Prep and cook time: 60 minutes        Approximate cost: $8 for a pan

Mexican Lasagna

  • 1 onion, diced
  • 1 each red and green pepper, diced large
  • Taco seasoning (store-bought, or see my homemade recipe with Taco Stromboli)
  • 1 cup black beans, rinsed and drained
  • 1 cup corn
  • 10 oz ricotta cheese
  • 3 cups shredded cheddar cheese, divided
  • 4 oz can diced chilies
  • 10-12 corn tortillas
  • Salsa

Preheat oven to 400 degrees.

Saute the onions and peppers in olive oil until tender-crisp.  Add taco seasoning, beans, corn, and 1/8 cup of water.  Simmer until the water absorbs.

Meanwhile, combine ricotta cheese, 1 cup of cheddar cheese, and chilies in a small bowl and mix well.

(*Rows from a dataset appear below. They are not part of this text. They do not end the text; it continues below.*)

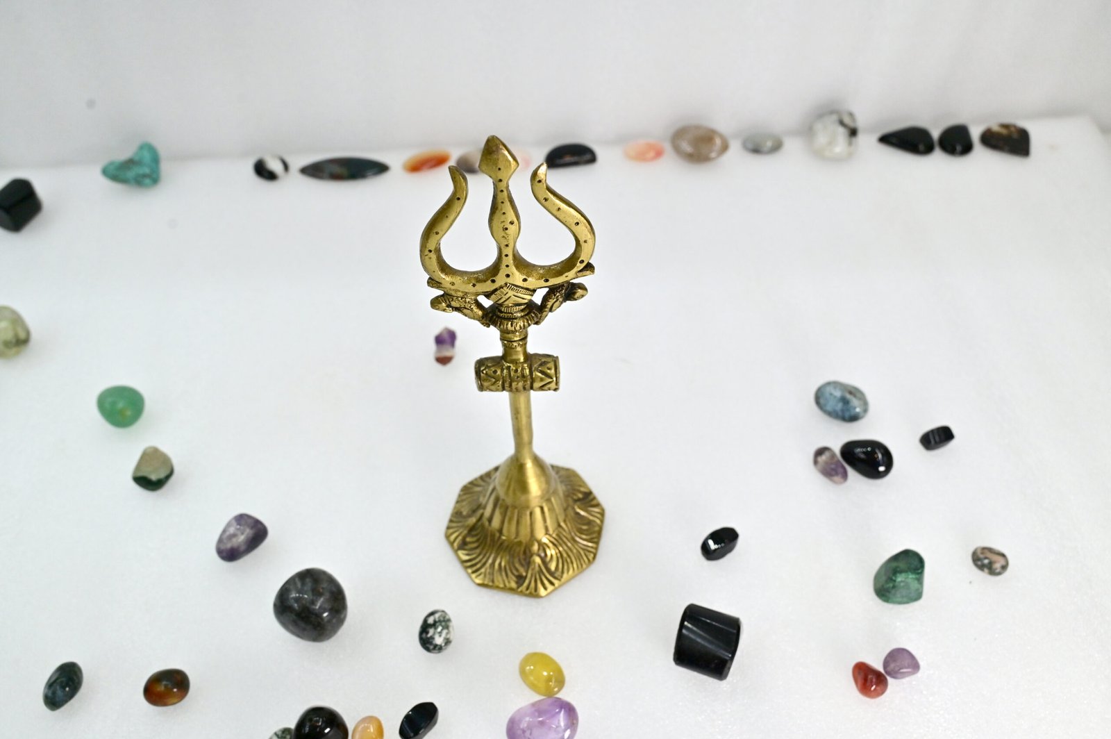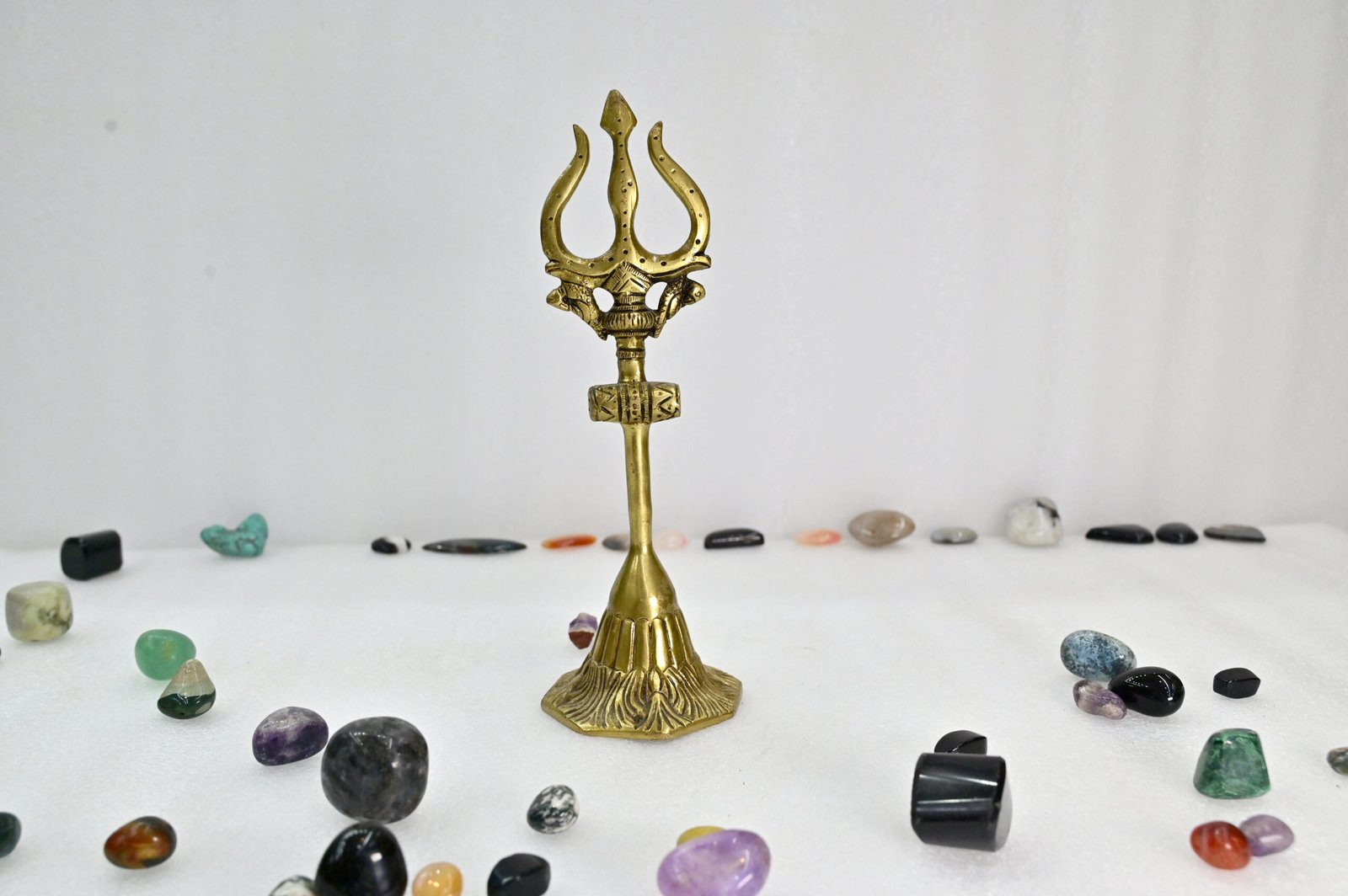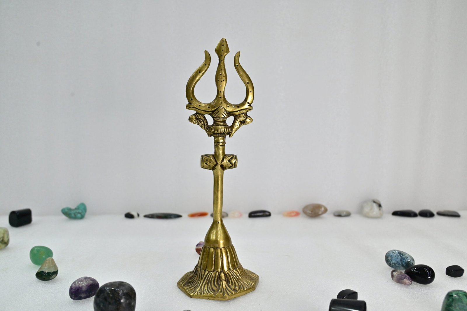 Made from high-quality materials, this Trishul Stand is not just a decorative piece but a durable companion for years to come. Its sturdy design ensures stability while radiating elegance and charm, seamlessly fitting into any spiritual ambiance.
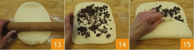 and gently roll it out with a rolling pin 13, turning it from side to side to obtain a rectangle about 3/4 inch thick, on which you will place the previously chopped chocolate 14. Once the chocolate is added, fold the dough by folding 1/3 of the sheet towards the center 15
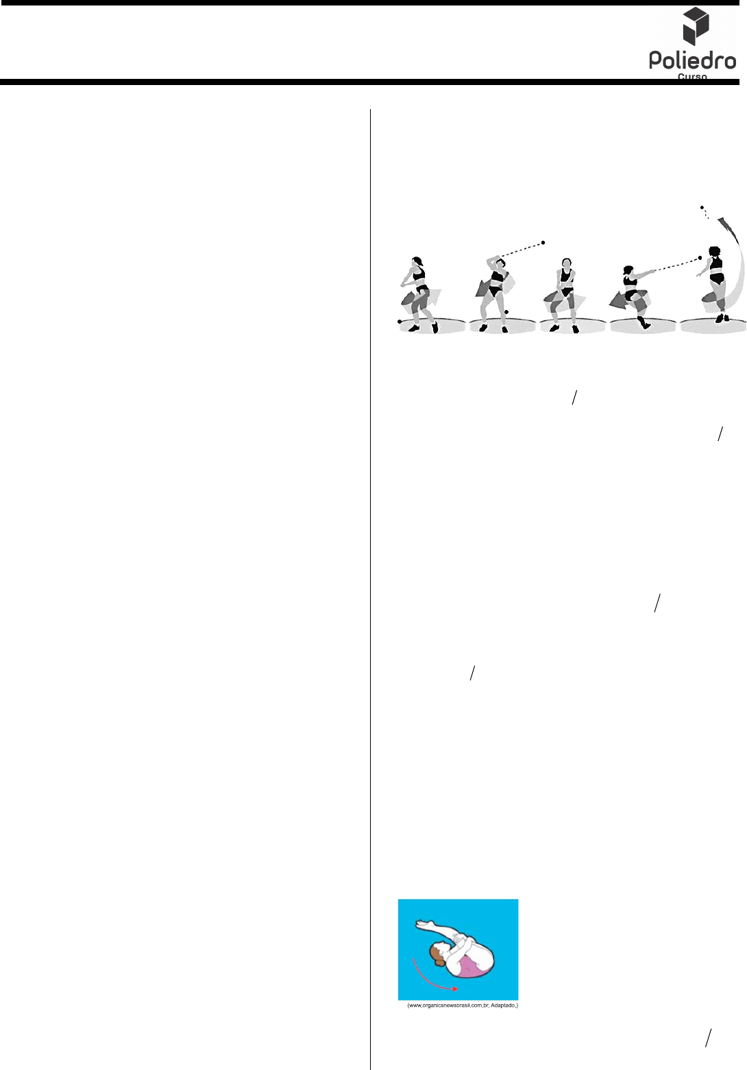 Extensivo 2021 – Lista 6 de Física 1 – Aulas: 13 e 14. Edu Leite 1 1. Começar lembrando que toda grandeza linear ou tangencial é igual à sua grandeza angular correspondente vezes o raio; assim ocorre com o deslocamento escalar, com a velocidade tangencial e com a aceleração tangencial ou escalar. 2. w = 2.π.f = 2.π/T = v/R = Δθ/Δt lembrando sempre que o período é o tempo de todos os eventos pelo número de eventos, a frequência é o número de eventos pelo tempo total e, por isso, o período é o inverso da frequência. 3. Lembrar que Hz é cps, rps, ou ops. Lembrar que de rph para rps dividir por 3600; de rpm para rps dividir por 60. 4. Os dois tipos de acoplamento: No acoplamento com eixo comum, a velocidade angular, período, frequência são sempre iguais, e a velocidade periférica é tanto maior quanto maior for o raio; no acoplamento com eixos independentes, a velocidade linear é a mesma, isto é, o produto entre o raio da polia e a frequência é constante: a menor gira mais rápido (marcha leve) e a maior gira mais lentamente (marcha pesada): 5. NA BICICLETA: lembrar que, para subida, marcha leve para trajetória pesada, isto é, coroa pequena e catraca maior; na descida, marcha pesada para trajetória leve, isto é, coroa grande e catraca pequena. Quanto menor o raio da coroa, menor o torque e menores as forças exercidas, apesar das velocidades rotacionais serem maiores. 1. (Fmp 2021) O lançamento de martelo é uma modalidade olímpica de atletismo na qual o atleta gira uma esfera de metal presa por um cabo e a solta, visando a que a esfera atinja a maior distância possível após o lançamento, conforme mostra a figura abaixo. Suponha que, no momento do lançamento, a esfera realizava um movimento circular de raio girando a uma velocidade angular de A velocidade da esfera no momento do lançamento, em é de, aproximadamente, a) b) c) d) e) TEXTO PARA A PRÓXIMA QUESTÃO: Sempre que necessário, use e 2. (Unicamp 2021) Ao passar pelo sensor magnético, a velocidade linear de um ponto de uma fita cassete é Depois de passar pelo sensor, a fita é enrolada em uma bobina circular de diâmetro Em quanto tempo a bobina completa uma volta? a) b) c) d) 3. (Fmj 2020) Em uma competição de saltos ornamentais, uma atleta, após tirar seus pés da plataforma, iniciando a queda livre, deve fazer seu corpo girar uma vez e meia em torno de seu centro de gravidade, antes de tocar a água. Considere que a aceleração gravitacional é igual a e que a atleta deve realizar o giro enquanto seu centro de 1,20 m, 25,0 rad s. m s, 30,0 26,2 36,0 25,0 20,8 3π = 2g 10 m s .= v 0,045m s.= d 6,0 cm.= 0,65 s. 1,3 s. 4,0 s. 0,27 s. 210 m s 2 gravidade se desloca verticalmente por a partir do repouso. Para que a atleta consiga realizar esse salto com perfeição, seu corpo deve girar com velocidade angular média de a) b) c) d) e) 4. (Espcex (Aman) 2020) Duas polias, e ligadas por uma correia inextensível têm raios e conforme o desenho abaixo. Admitindo que não haja escorregamento da correia e sabendo que a frequência da polia é então a frequência da polia é a) b) c) d) e) 5. (Famerp 2019) Uma pessoa parada sobre a linha do equador terrestre apresenta uma velocidade tangencial, devido à rotação da Terra, de módulo próximo a Sabendo que e uma pessoa em repouso sobre o solo, em São José do Rio Preto, cuja latitude é aproximadamente Sul, tem uma velocidade tangencial de módulo próximo a a) b) c) d) e) 6. (Upf 2019) Um corpo descreve um movimento circular uniforme cuja trajetória tem de raio. Considerando que o objeto descreve voltas em é possível afirmar que sua velocidade tangencial, em é de, aproximadamente (Considere a) b) c) d) e) 7. (Uece 2019) Considere um carrossel que gira com velocidade angular tal que cada cavalo percorre duas voltas completas em segundos. Assim, a velocidade angular do carrossel, em é a) b) c) d) 8. (Uerj 2019) Em um equipamento industrial, duas engrenagens, e giram vezes por segundo e vezes por minuto, respectivamente. O período da engrenagem equivale a e o da engrenagem a A razão é igual a: a) b) c) d) 9. (Efomm 2018) Um automóvel viaja em uma estrada horizontal com velocidade constante e sem atrito. Cada pneu desse veículo tem raio de metros e gira em uma frequência de rotações por minuto. A velocidade desse automóvel é de aproximadamente: (Dados: considere a) b) c) d) e) 10. (Eear 2018) Um ponto material descreve um movimento circular uniforme com o módulo da velocidade angular igual a Após o número de voltas completas percorridas por esse ponto material é Adote a) b) c) d) 5,0 m, 2,0 rad s.π 3,0 rad s.π 1,5 rad s.π 0,6 rad s.π 2,3 rad s.π A B, AR 60 cm= BR 20 cm,= A Af 30 rpm,= B 10 rpm. 20 rpm. 80 rpm. 90 rpm. 120 rpm. 1.700 km h. sen 21 0,36° = cos 21 0,93,° = 21f = ° 1.830 km h. 610 km h. 1.700 km h. 4.700 km h. 1.580 km h. 5 m 2 12 s, m s, 3,14 rad)π = 3,14 5,2 15,7 6,28 31,4 4 3π radianos s, 4 3. 4 3.π 2 3.π 3. A B, 100 6.000 A AT B, BT . A B T T 1 6 3 5 1 6 0,3 900 3,1.)π = 21m s 28m s 35m s 42m s 49m s 10 rad s. 100 s, 3.π = 150 166 300 333

Line a casserole dish with a layer of corn tortillas.  Top with half of the vegetable mixture, then half of the cheese mixture.  Spread a thin layer of salsa on the cheese and top with another layer of tortillas. Repeat with the remaining vegetables and cheese, another layer of salsa, and tortillas.  Spread one last layer of salsa on top of the tortillas and cover with remaining 2 cups of cheddar cheese.

Cover the dish with foil and bake for 30 minutes.  Remove foil and bake for 15 minutes longer, or until cheese starts to turn bubbly and brown.

Serves 6 to 8

October 12, 2010 Posted by | Recipes, Vegetarian | , , , , | Leave a comment

Cauliflower Mash

I admit, this recipe is ripped off from probably dozens of places, but I got this version from a South Beach cookbook.  (FYI, I do not recommend the SB diet, but there are some tasty, healthy recipes in the cookbooks that I do recommend– as long as you maintain a varied diet that includes whole grains and fruits.) 

I don’t find this an equal substitute for mashed potatoes, but the cauliflower version is equally delicious in its own right.  Even if you don’t like cauliflower, I can just about guarantee you’ll enjoy this dish!  For an added flavor boost, toss in some freshly grated nutmeg (for a sweetly mild boost) or curry powder (for something a little more complex).

Prep and cook time: 10 minutes. Cost: about $0.50 per serving.

Cauliflower Mash

  • 4 cups cauliflower
  • 1 to 2 T. butter
  • Splash of milk
  • Salt and Pepper to taste

Steam cauliflower for about 5 minutes or until crisp-tender. Puree in food processor with milk and butter. Season with salt and pepper.